蟒蛇中的高效张量收缩

我有张量的列表L（ndarray对象），每个都有几个索引。我需要根据连接图来收缩这些指数。蟒蛇中的高效张量收缩

的连接进行编码元组的列表形式((m,i),(n,j))表示“与张力L[n]的Ĵ个指数收缩张L[m]的我个指标。

哪有我处理非平凡的连通图？第一个问题是，只要我收缩一对索引，结果就是一个新的张量，它不属于列表L。但即使我解决了这个问题（例如通过赋予一个唯一的标识符到所有张量的所有指数），就可以选择任何顺序来执行收缩，以及一些选择在计算中期产量不必要的巨大野兽（即使最终结果很小）。建议？

来源

2017-02-03 Ziofil

除了内存方面的考虑，我相信你可以在einsum的单个调用中完成收缩，不过你需要一些预处理。我并不完全确定“”是什么意思，因为我收缩了一对指数，结果是一个新的张量，它不属于列表L“，但我认为在单一步骤中收缩会完全解决这个问题。

我建议使用可替代的einsum数字索引语法：

einsum(op0, sublist0, op1, sublist1, ..., [sublistout])

所以你需要做的是编码指数在整数序列收缩。首先，您需要首先设置一系列唯一索引，并将其他副本保留为sublistout。然后，遍历您的连接图，您需要在必要时将合同指数设置为相同的指数，并同时从sublistout中删除合同指数。

import numpy as np 

def contract_all(tensors,conns): 
    ''' 
    Contract the tensors inside the list tensors 
    according to the connectivities in conns 

    Example input: 
    tensors = [np.random.rand(2,3),np.random.rand(3,4,5),np.random.rand(3,4)] 
    conns = [((0,1),(2,0)), ((1,1),(2,1))] 
    returned shape in this case is (2,3,5) 
    ''' 

    ndims = [t.ndim for t in tensors] 
    totdims = sum(ndims) 
    dims0 = np.arange(totdims) 
    # keep track of sublistout throughout 
    sublistout = set(dims0.tolist()) 
    # cut up the index array according to tensors 
    # (throw away empty list at the end) 
    inds = np.split(dims0,np.cumsum(ndims))[:-1] 
    # we also need to convert to a list, otherwise einsum chokes 
    inds = [ind.tolist() for ind in inds] 

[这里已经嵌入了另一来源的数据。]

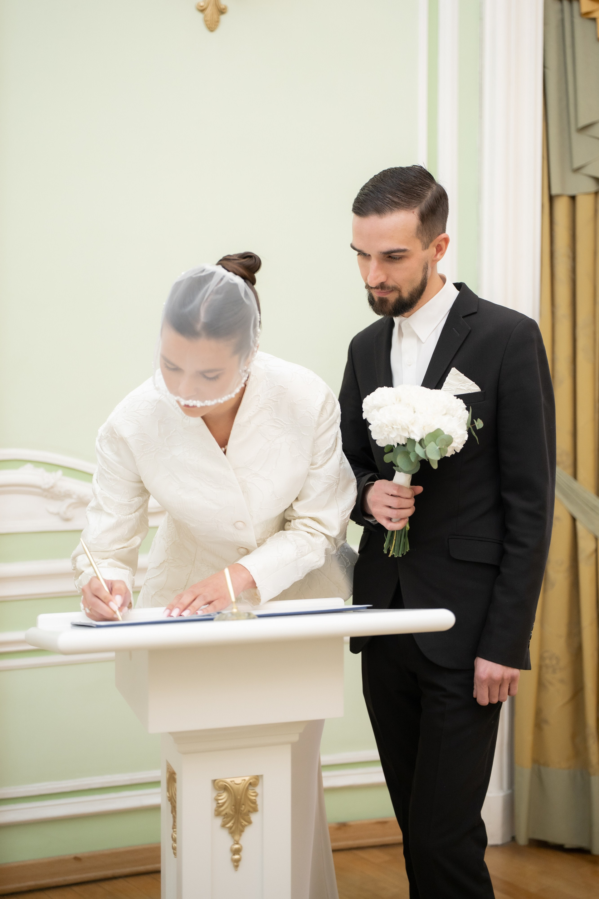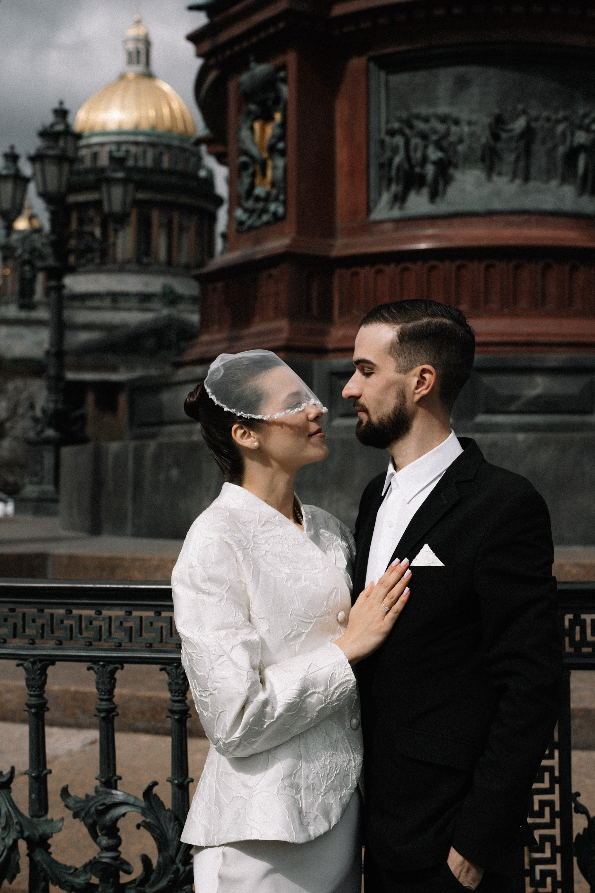 Свадебная фотосессия на Витебском вокзале, Исаакиевской площади, роспись во дворце № 1 и небольшой банке.
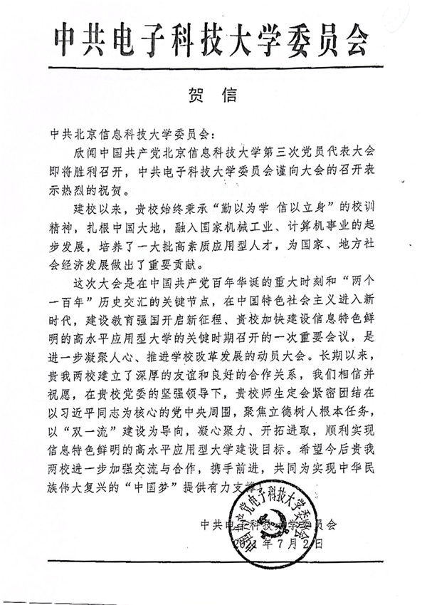 7月6日至8日,我校第三次党代会胜利召开。党代会召开前夕,学校收到北京大学、清华大学、湖南大学、电子科技大学、西安电子科技大学、北京工业大学等82所兄弟院校,中共海淀区委、中共昌平区委等党政机关发来的贺信贺电,祝贺学校第三次党代会胜利召开,预祝大会取得圆满成功!

    # if there were no contractions, we'd call 
    # np.einsum(*zip(tensors,inds),sublistout) 

    # instead we need to loop over the connectivity graph 
    # and manipulate the indices 
    for (m,i),(n,j) in conns: 
     # tensors[m][i] contracted with tensors[n][j] 

     # remove the old indices from sublistout which is a set 
     sublistout -= {inds[m][i],inds[n][j]} 

     # contract the indices 
     inds[n][j] = inds[m][i] 

    # zip and flatten the tensors and indices 
    args = [subarg for arg in zip(tensors,inds) for subarg in arg] 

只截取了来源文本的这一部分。